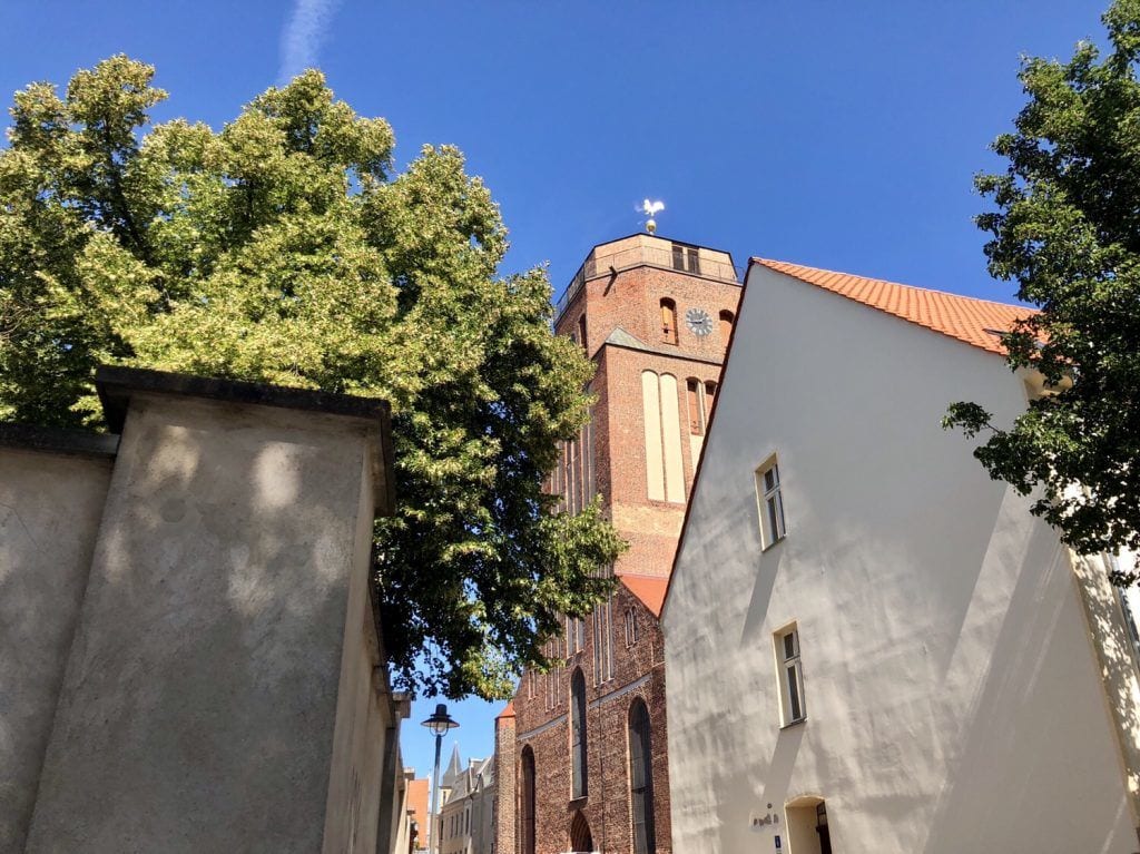 Markant ist die wuchtige Petrikirche, die man jetzt im Rücken hat. Dieser fehlt seit einem Brand im Jahre 1920 die eigentliche Spitze. Eine Besteigung zur dortigen Aussichtsplattform in 40 m Höhe ist ein lohnenswertes Unterfangen. Denn von dort oben hat man doch eine grandiose Aussicht auf das Wolgaster Umland. Die Kleinstadt, übrigens meine Heimatstadt, wird auch als „Tor zur Insel Usedom“ bezeichnet. Denn ein Großteil des Verkehrs zur Insel muss vorher durch Wolgast hindurch.
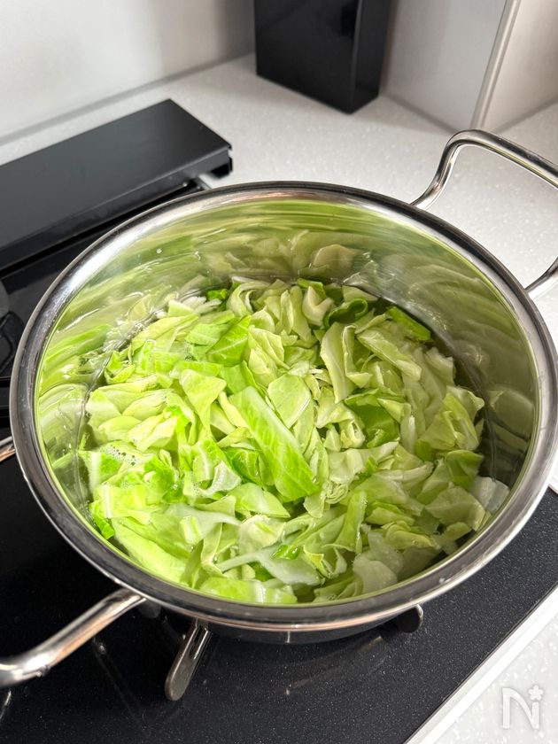 (2) 鍋に【A】とキャベツを入れて沸騰させ、中火で2分ほど煮る。
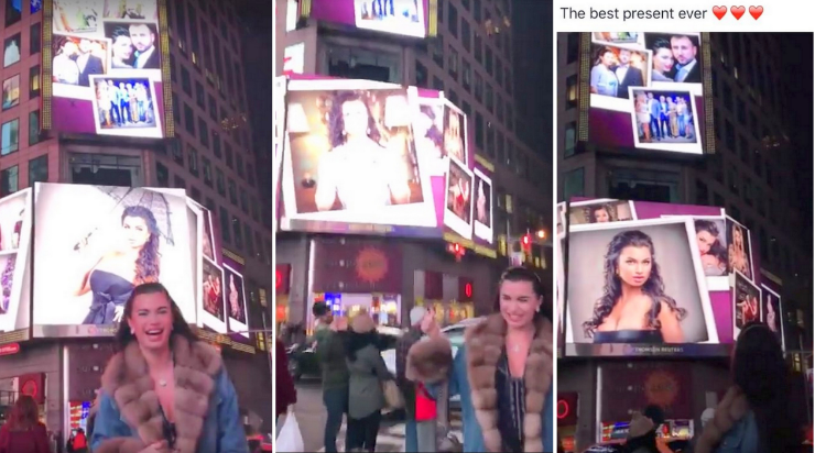 8 декабря в центре Манхэттена на одном из зданий показывали фотоколлажи Анастасии с Сергеем. Естественно журналисты предположили, что такой дорогой и романтический подарок мог сделать жене только любящий муж Рыбалка.
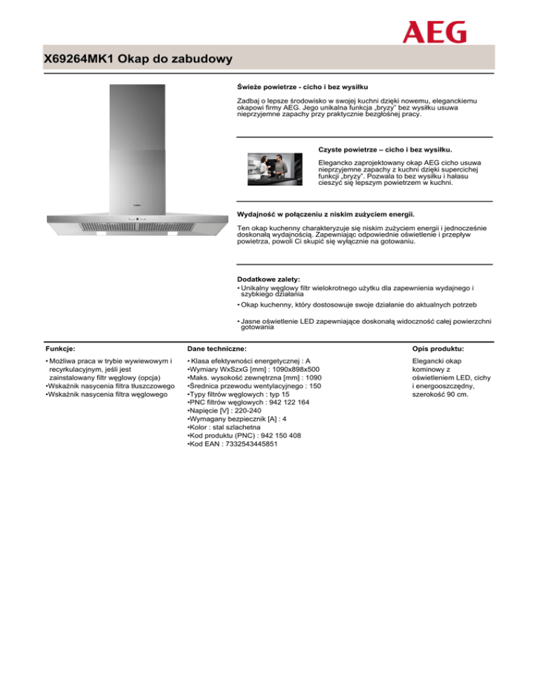X69264MK1 Okap do zabudowy Świeże powietrze - cicho i bez wysiłku Zadbaj o lepsze środowisko w swojej kuchni dzięki nowemu, eleganckiemu okapowi firmy AEG. Jego unikalna funkcja „bryzy” bez wysiłku usuwa nieprzyjemne zapachy przy praktycznie bezgłośnej pracy. Czyste powietrze – cicho i bez wysiłku. Elegancko zaprojektowany okap AEG cicho usuwa nieprzyjemne zapachy z kuchni dzięki supercichej funkcji „bryzy”. Pozwala to bez wysiłku i hałasu cieszyć się lepszym powietrzem w kuchni. Wydajność w połączeniu z niskim zużyciem energii. Ten okap kuchenny charakteryzuje się niskim zużyciem energii i jednocześnie doskonałą wydajnością. Zapewniając odpowiednie oświetlenie i przepływ powietrza, powoli Ci skupić się wyłącznie na gotowaniu. Dodatkowe zalety: • Unikalny węglowy filtr wielokrotnego użytku dla zapewnienia wydajnego i szybkiego działania • Okap kuchenny, który dostosowuje swoje działanie do aktualnych potrzeb • Jasne oświetlenie LED zapewniające doskonałą widoczność całej powierzchni gotowania Funkcje: Dane techniczne: Opis produktu: • Możliwa praca w trybie wywiewowym i recyrkulacyjnym, jeśli jest zainstalowany filtr węglowy (opcja) •Wskaźnik nasycenia filtra tłuszczowego •Wskaźnik nasycenia filtra węglowego • Klasa efektywności energetycznej : A •Wymiary WxSzxG [mm] : 1090x898x500 •Maks. wysokość zewnętrzna [mm] : 1090 •Średnica przewodu wentylacyjnego : 150 •Typy filtrów węglowych : typ 15 •PNC filtrów węglowych : 942 122 164 •Napięcie [V] : 220-240 •Wymagany bezpiecznik [A] : 4 •Kolor : stal szlachetna •Kod produktu (PNC) : 942 150 408 •Kod EAN : 7332543445851 Elegancki okap kominowy z oświetleniem LED, cichy i energooszczędny, szerokość 90 cm. X69264MK1 Okap do zabudowy
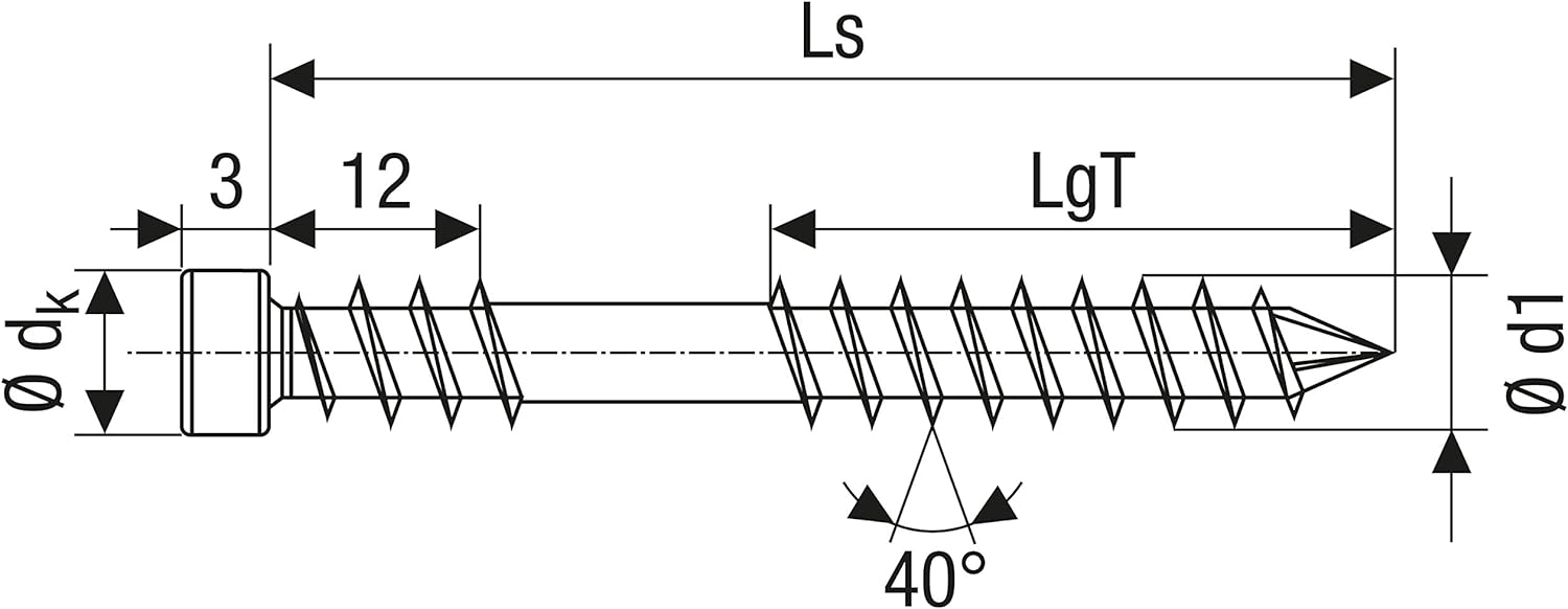 - Lieferumfang: 1 SPAX Box, 100 Stück Terrassenschraube, T-STAR plus, Zylinderkopf, Fixiergewinde, CUT-Spitze, Edelstahl rostfrei A4, Materialgüte: 1.4578, Gewindedurchmesser (Ød1)= 6,0 mm x Gesamtlänge (Ls) = 60 mm, Teilgewindelänge (LgT) = 28mm,
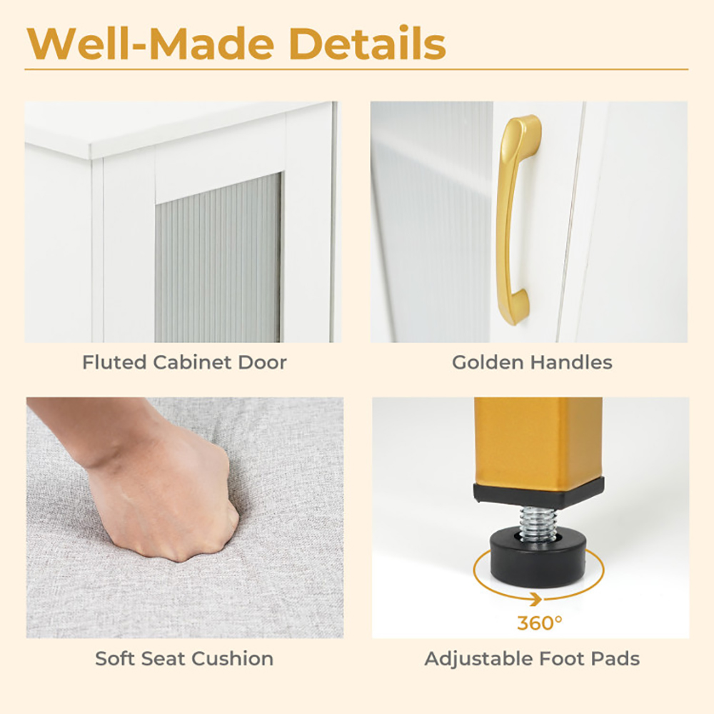 • Ample & Flexible Storage: 2 extra shelves, 2 open shelves, enclosed cabinet, and spacious desktop keep your space clutter-free. 2 fabric bags help you easily reach for your makeup tools. Plus, there is a 5-level adjustable shelf behind the door to suit items of different heights.
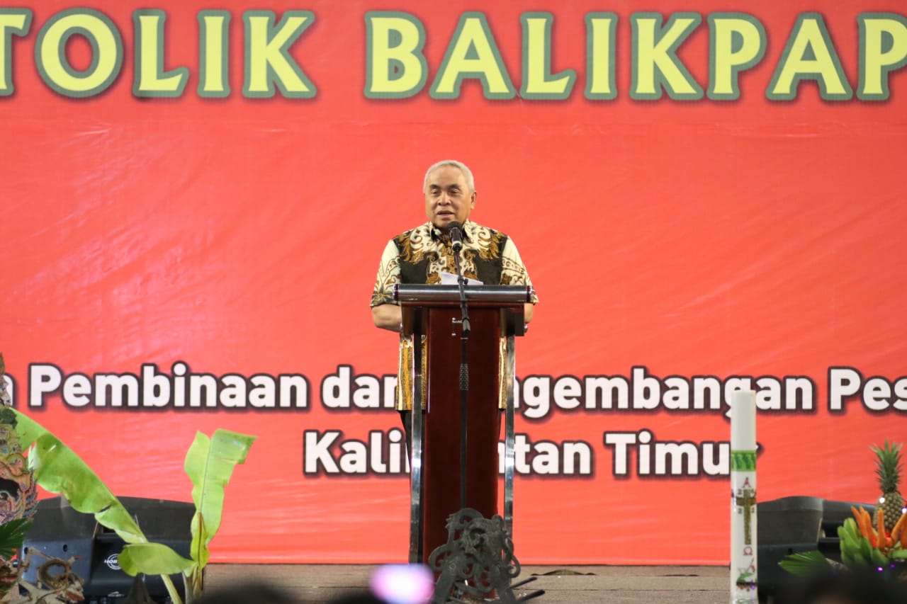 Kehadiran Isran Noor ini, sekaligus melantik pengurus Lembaga Pembinaan dan Pengembangan Pesparani Katolik (LP3K) Daerah.
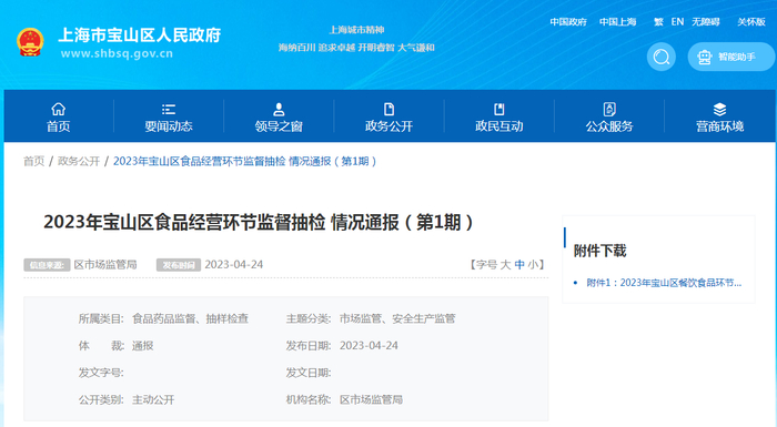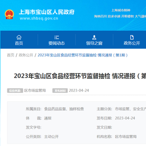 上海市宝山区市场监管局通报2023年第1期餐饮食品环节监督抽检情况
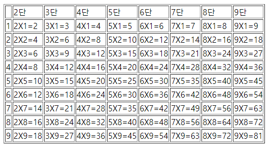 예제 ) 자바스크립트 반복문을 사용하여 구구단을 출력하시오.
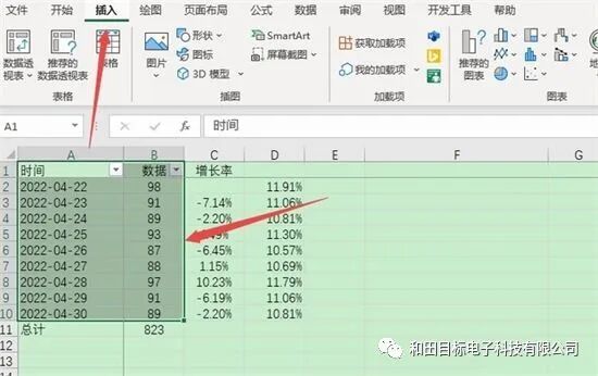 1.Excel表格中,选择要制作折线图的数据列,点击“插入”;
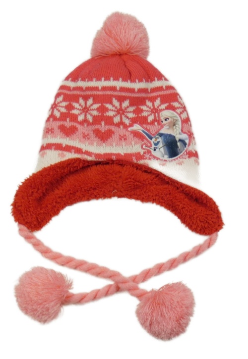 Jahodovo-bíllá vzorovaná pletená zateplená ušanka s Elsou Disney
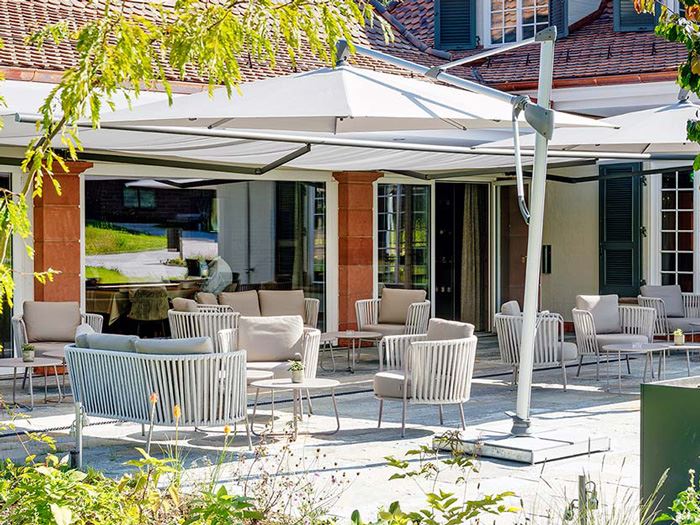 Eine professionelle Beschattungslösung mit Sonnenschirmen ist gleichermassen wichtig wie Terrassenstühle und Tische. Sonnenschirme werden mittlerweile länger und oft sogar ganzjährig genutzt, bei Sonne und Regen. Optisch abgestimmte und passende Sonnenschirme werten Ihre Terrasse auf. Die Farbauswahl bei den Schirmbezügen ist gross. Auch in Sachen Zubehör wird heutzutage vieles angeboten: Von Beleuchtungsmodulen über Heizstrahler bis hin zu Regenrinnen und Seitenwänden sind Sonnenschirme ganzjährige Begleiter. Ob fix verankerte Grossschirme oder kleinere, flexiblere Mittelstock-/Ampelschirme besser zu Ihrem Betrieb passen, hängt von der Situation vor Ort ab. Installieren Sie, wenn immer möglich, eine fix einbetonierte Bodenhülse und planen Sie diese frühzeitig ein. Für kleine, verwinkelte Plätze oder auch temporäre Aussenbereiche eignen sich Ampelschirme. Kleine Mittelstockschirme bieten hingegen viel Charme – sie sind auch windstabiler als Ampelschirme.
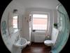 Das helle Badezimmer ist mit einer Dusche, einem WC und einem Waschbecken ausgestattet. Für Ihre Badartikel sind ausreichend Ablagemöglichkeiten vorhanden. Außerdem finden Sie einen Föhn, einen Schminkspiegel und einen Hocker vor.
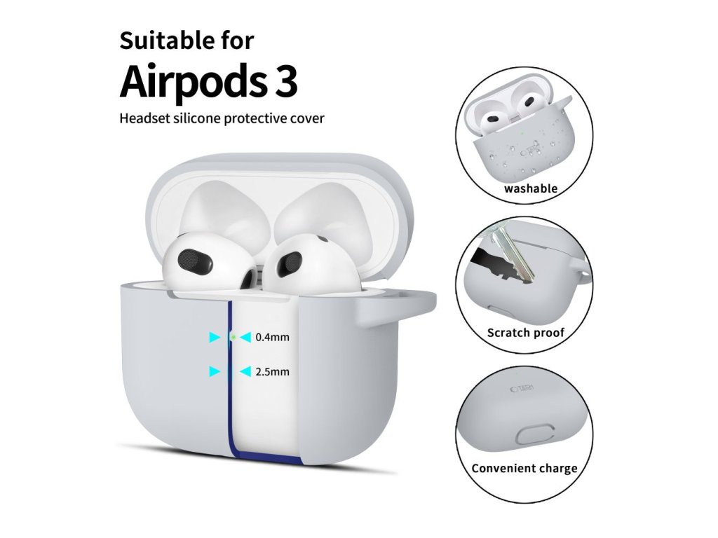 Silikonové pouzdro Tech-Protect Silicone Hook pro Apple AirPods 3 – Crayon Grey
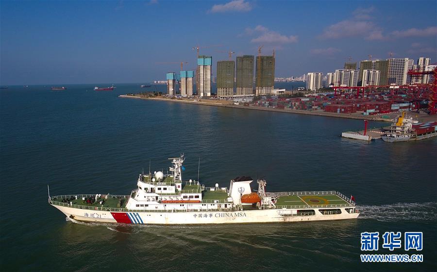 11月3日,“海巡21”輪準(zhǔn)備出發(fā)。當(dāng)日,隨著“海巡21”輪緩緩駛離海口海事監(jiān)管基地碼頭,由瓊桂粵海事部門共同開展的瓊州海峽、北部灣及環(huán)海南島水域跨轄區(qū)聯(lián)合巡航執(zhí)法活動(dòng)揭開序幕。新華社記者楊冠宇攝
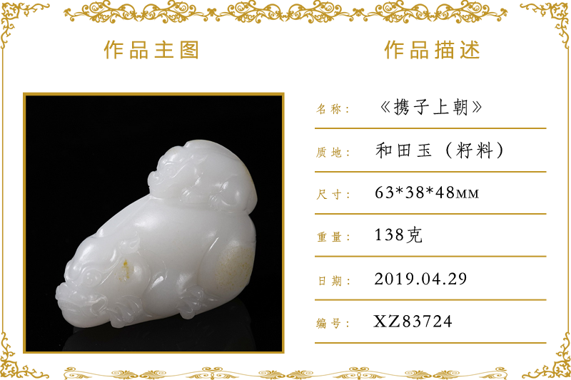 作品名称:携子上朝(加工)。材质:和田玉(籽料)。尺寸:63*38*48mm。重量:138克
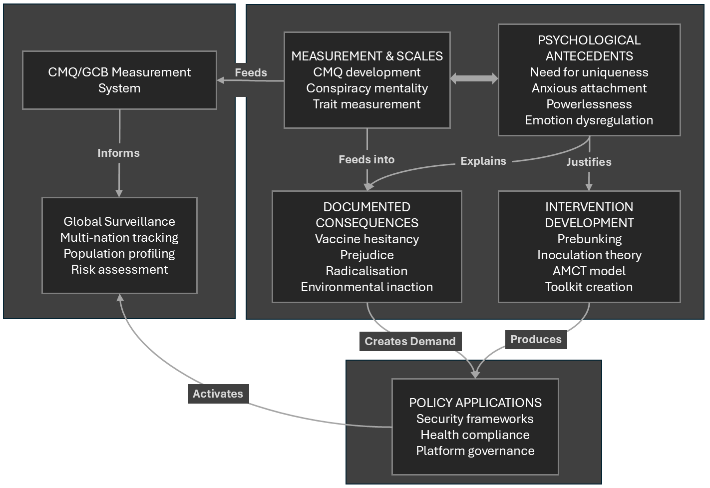- Pathologise: To transform legitimate political and social distrust from a reasoned position into a diagnosable psychological pathology—a “mentality”—using standardised metrics (CMQ/GCB). This is primarily achieved through prestige science funding (ERC, ARC), which lends the process academic legitimacy and scale.
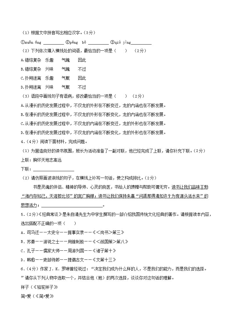 - 2023-2024學(xué)年安徽省淮南市壽縣八年級下學(xué)期期末語文試題及答案
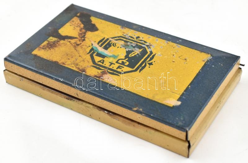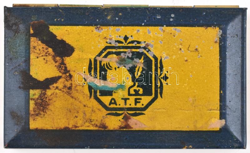 Leírás: "Albertfalvai Tinta és Festékgyár, Budapest" tintapárnás fémdoboza, kopott, 12x7x2 cm
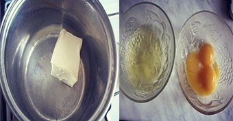 1. Сливочное масло бросить в сотейник и поставить его на огонь. Пока оно растапливается, отделить желтки от белков.
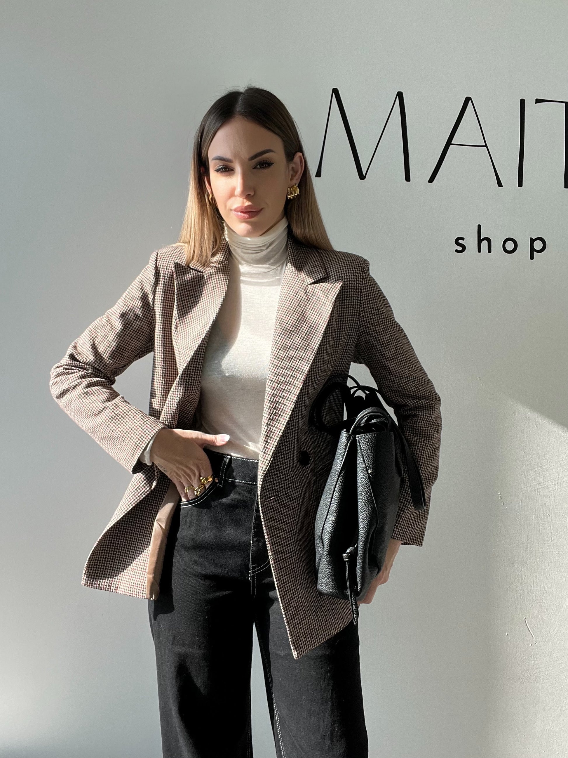 Il capo di cui non potrai più fare a meno! Eleganza e versatilità racchiuse in un blazer strutturato con chiusura doppiopetto. La fantasia neutra a quadretti lo rende un passe-partout perfetto per ogni stagione.

*WHAT THE EXERCISE ASKS:*
Restate the lines of the records exactly, starting at the first and stopping after the line with "8 декабря в". Leave out any picture.

*RESPONSE:*
 Markant ist die wuchtige Petrikirche, die man jetzt im Rücken hat. Dieser fehlt seit einem Brand im Jahre 1920 die eigentliche Spitze. Eine Besteigung zur dortigen Aussichtsplattform in 40 m Höhe ist ein lohnenswertes Unterfangen. Denn von dort oben hat man doch eine grandiose Aussicht auf das Wolgaster Umland. Die Kleinstadt, übrigens meine Heimatstadt, wird auch als „Tor zur Insel Usedom“ bezeichnet. Denn ein Großteil des Verkehrs zur Insel muss vorher durch Wolgast hindurch.
 (2) 鍋に【A】とキャベツを入れて沸騰させ、中火で2分ほど煮る。
 8 декабря в центре Манхэттена на одном из зданий показывали фотоколлажи Анастасии с Сергеем. Естественно журналисты предположили, что такой дорогой и романтический подарок мог сделать жене только любящий муж Рыбалка.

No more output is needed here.